Peter Brabeck-Letmathe
Mientras los precios de los alimentos se disparaban en los dos últimos años, varios países y empresas estatales se dedicaron a adquirir discretamente tierras en todo el mundo. Pocos se dieron cuenta de que Corea del Sur empezó a invertir en granjas en Madagascar, o de que China, Japón, Libia, Egipto y varios países del Golfo Pérsico adquirieron zonas de cultivo en Laos, Camboya, Birmania, Mozambique, Uganda, Etiopía, Brasil, Pakistán, Asia Central y Rusia. El total de tierras compradas desde principios de 2007 equivale al menos al doble de las dedicadas al cultivo de cereales en Alemania.
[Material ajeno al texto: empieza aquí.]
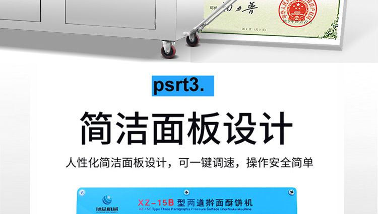 旭眾牌XZ-15B二道搟面酥餅機(jī)是我公司仿手工制作面食產(chǎn)品的機(jī)型,占地面積小,重量輕,它吸收國(guó)內(nèi)傳統(tǒng)手工制作技術(shù),即運(yùn)用搟面杖壓面和打擊面團(tuán),以保證高面筋性和面帶的密度,并綜合考慮面食的口感而研發(fā)。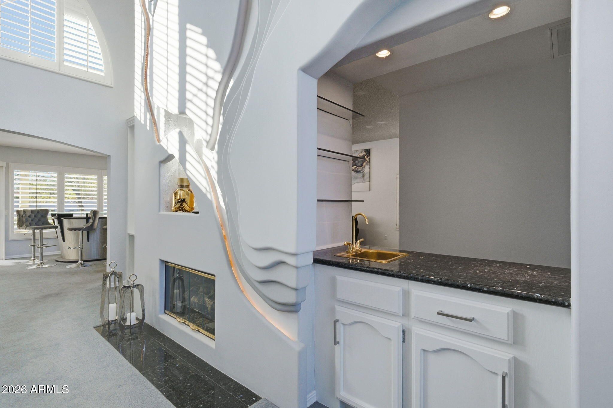 WOW!! This Expanded Eldorado is a real show house. A MUST SEE...Totally remodeled & added approx. 400sq. ft. to the very formal and totally unique living room. All Furniture & Furnishings come with the home. You will not be disappointed all top of the line, even the Player Piano & Stand-up Bar are included. Kitchen has new quartz counter tops & new appliances. Even has a lighted wine glass rack & wine refr. Large Utility room includes washer/dryer & storage cabinets & door leading to side yard w/doggie door. Master bedroom is on the main floor & has 2 walk-in closets. Master bath has a large custom shower you will fall in love with. Large curved Glass Block window & sit down vanity area. Patio is next to the lake & has a fire pit & BBQ, Ramada. NEWER HVAC UNITS, FLAT ROOF AND WATER HEATE Here is a list of Everything that has been added brand new within the last 3 years: 3 NEW AC UNITS, NEW FLAT ROOF, NEW WATRE SYSTEM, NEW REVERSE OSMOSIS, 2 NEW BATHROOMS, NEW KITCHEN, NEW LAUNDRY ROOM, ALL NEW LED LIGHTING, ALL NEW APPLIANCES, SOME NEW WINDOWS, NEW WINE FRIDGE, NEW CHANDELIER, ALL NEW CEILING FANS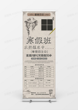 寒假班素描风格创意展架设计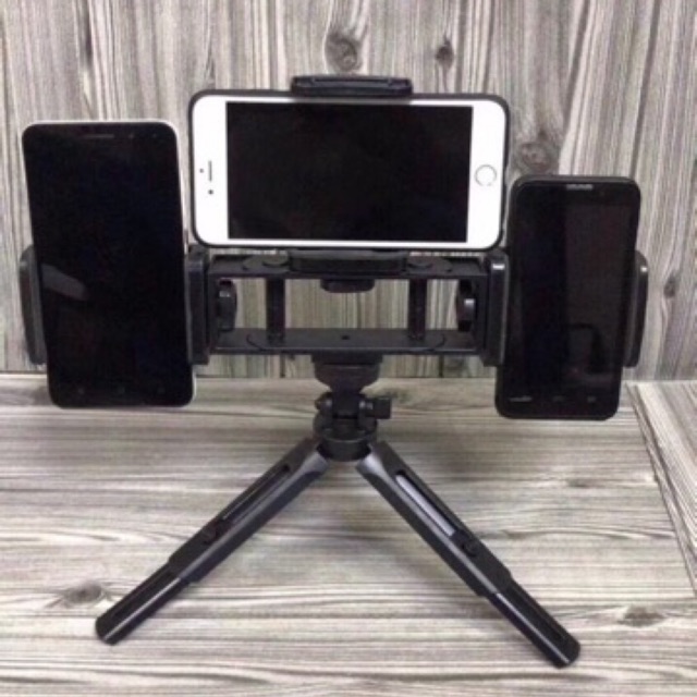 Chân Kẹp Điện Thoại Tripod Mini 3 chân (Kèm Đầu kẹp) kẹp 3 điện thoại livestream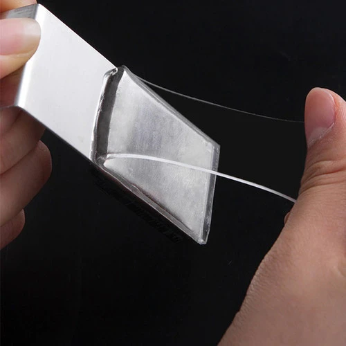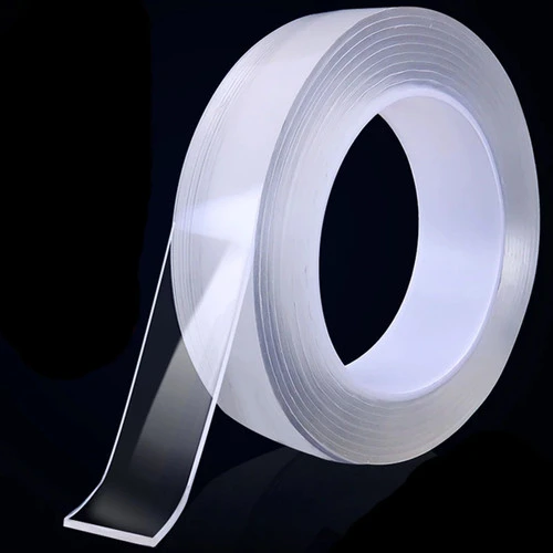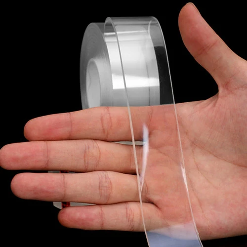 This heavy-duty tape is clear and waterproof. Leaves no residue behind and can be used indoors or outside. It can also be cleaned and reused again.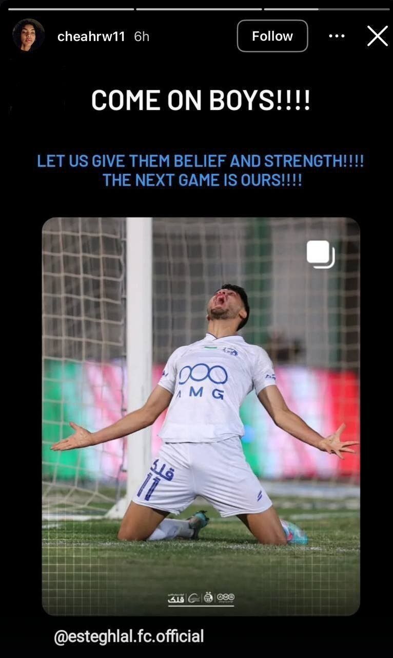 ویتست با لحنی جالب در استوری‌اش نوشت: ” یالا پسران! ” جالب بود که او در مدت کوتاه حضورش در استقلال درگیر فوتبال و رقابت‌های باشگاهی شده و جذاب‌ترین صحنه مسابقه و فریاد سحرخیزان را برای این استوری انتخاب کرده که نشان می‌دهد بازی را تا ثانیه پایانی دنبال کرده است.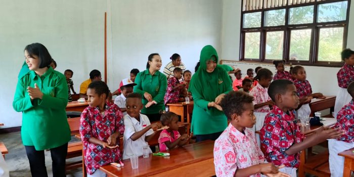 Guna menanamkan pola hidup sehat dan bersih bagi anak-anak sejak usia dini, Satgas TMMD Kodim 1801/Manokwari dan Persit KCK Cabang XII Manokwari menggandeng Puskesmas Distrik Mokwam mengajar dan memberikan pemahaman sekaligus memberikan contoh cara menjaga kebersihan diri mulai dini bagi siswa-siswi di Sekolah SD Negeri 79 Kwau Distrik Mokwam, Kabupaten Manokwari, Provinsi Papua Barat, Jumat (09/08/2024).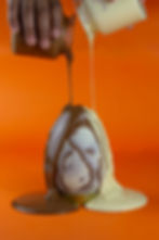 Casquinha mista com chocolate ao leite e branco. Uma banda recheada com brigadeiro branco e outra com brigadeiro ao leite. Embrulhado em uma linda lata presenteável.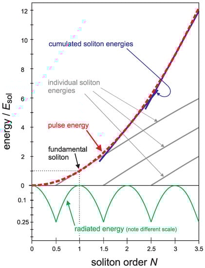 Figure 3 gives an overview of this situation. In its upper part, the pulse energy according to Equation (7), shown in units of , is represented by the dashed parabola. Beginning at , the first soliton appears. Its energy then rises linearly and passes through unity at . Similarly, at other half-integer values of N, more solitons begin, each of them contributing energy to a cumulative value shown in blue. The latter is tangent to the parabola at integer N values; here, the individual soliton energies are also integer in units. They take the first N values of the sequence , which add up to . For all non-integer N, there is a gap between the cumulative solitonic and the total energy, which represents the radiative part of the energy. Radiation energy is shown in the figure’s lower part on an inverted, magnified scale (green curve). Whenever, at some half-integer N, it reaches , the next soliton is created. Always the integer number closest to N determines the number of solitons involved, while the fractional part determines the amount of radiation created along with them.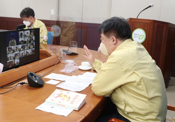 [충청뉴스큐] 한범덕 청주시장이 5일 소회의실에서 온라인 영상회의로 열린 주간업무 보고회에서 음식섭취 목적 외 시설에서 음식섭취를 금지하고 마스크를 써 감염을 막을 수 있도록 협조해달라고 호소했다.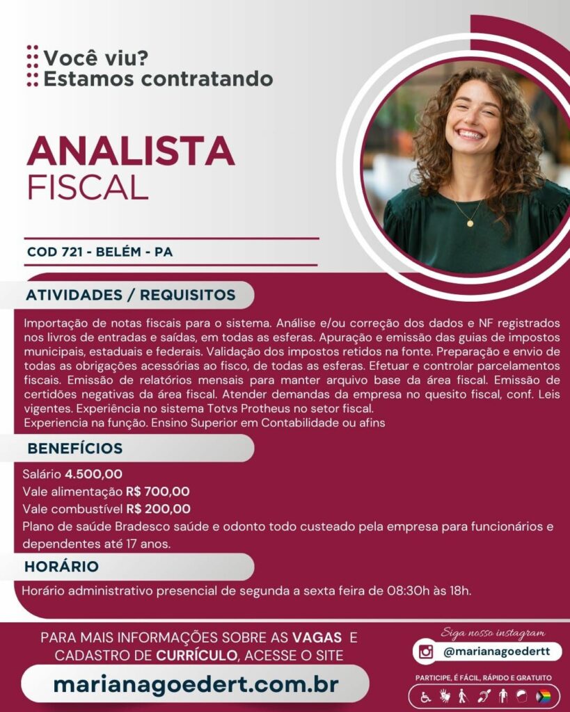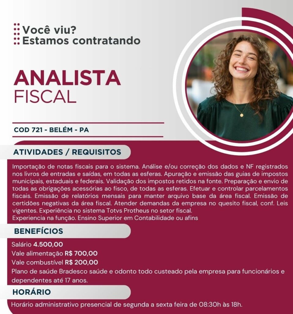 Empresa seleciona Analista fiscal; Envie seu currículo!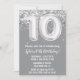 Gray Silver 10th Birthday Party Invitation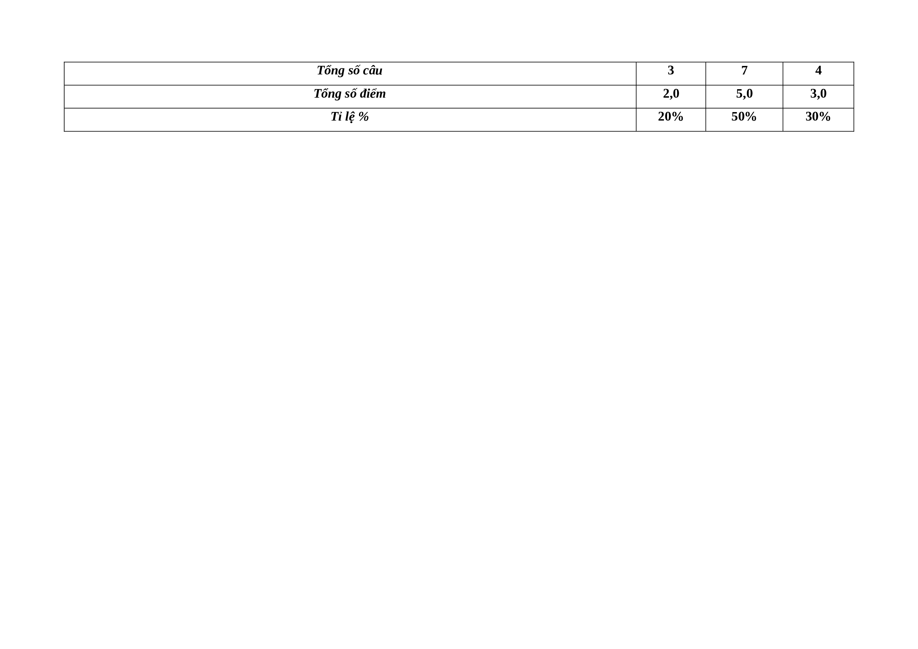 Tổng số điểm 2,0 5,0 3,0 10 Tỉ lệ % 20% 50% 30% 100%

El objeto de las compras no eran las tierras, sino el agua vinculada a las mismas que, en la mayoría de los países, es un elemento gratis. Calculando sobre la base de una cosecha por año, el terreno comprado representa entre 55 y 65 kilómetros cúbicos de agua dulce. Y como el líquido no tiene precio, los inversores pueden quedarse con él casi por nada. No está sacado de una película de James Bond, pero la carrera para apropiarse de este bien escaso resulta inquietante. Sugiere que quizá no esté muy lejos otra crisis alimentaria.